• Task to carry out: For the copy, please give all of the data again exactly and leave the pictures out.

*** Supplied data Section Begins ***

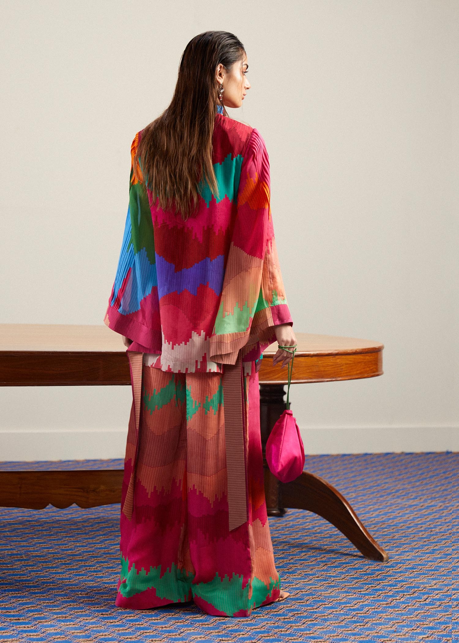 • A regal matching separate printed outfit in beautiful silk fabric. The multicoloured print brings out a chic look. The shirt has green and hot pink satin silk details on the sleeves and the neckline. It is paired with printed culottes with hot pink patch at the bottom.
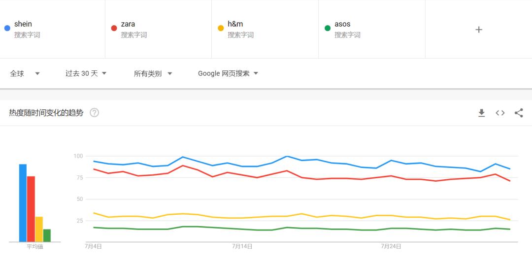 这个中文名希音的购物平台,拥有全球220个国家和地区的用户,并且在美国、巴西、澳大利亚等地取代了Zara:Google Trends数据显示,SHEIN在全球近30天的搜索量超过Zara,而App Store上,SHEIN的季度下载量超过亚马逊,成为了欧美年轻人心中最好的快时尚购物平台。
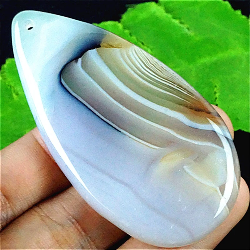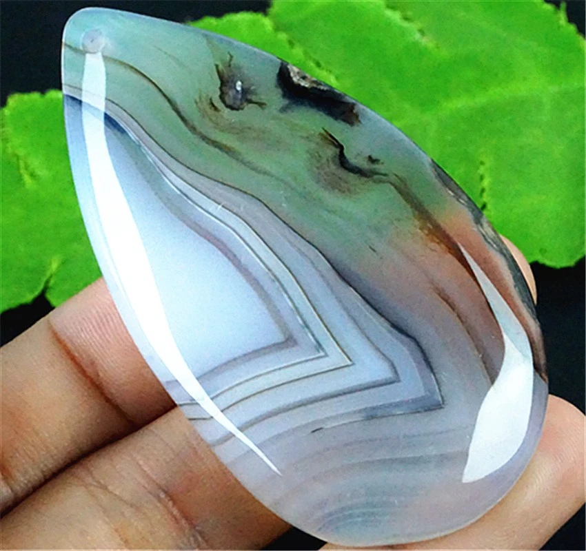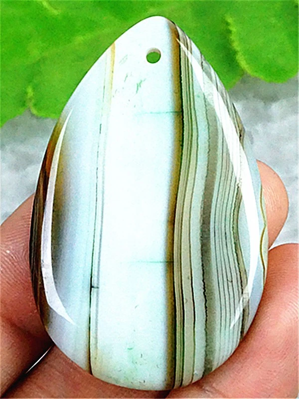 DY10390 47x30x6mm Green/white Stripes Agate Teardrop Pendant Bead

*** Supplied data Section Ends ***

• Answer below:
 • A regal matching separate printed outfit in beautiful silk fabric. The multicoloured print brings out a chic look. The shirt has green and hot pink satin silk details on the sleeves and the neckline. It is paired with printed culottes with hot pink patch at the bottom.
 这个中文名希音的购物平台,拥有全球220个国家和地区的用户,并且在美国、巴西、澳大利亚等地取代了Zara:Google Trends数据显示,SHEIN在全球近30天的搜索量超过Zara,而App Store上,SHEIN的季度下载量超过亚马逊,成为了欧美年轻人心中最好的快时尚购物平台。
 DY10390 47x30x6mm Green/white Stripes Agate Teardrop Pendant Bead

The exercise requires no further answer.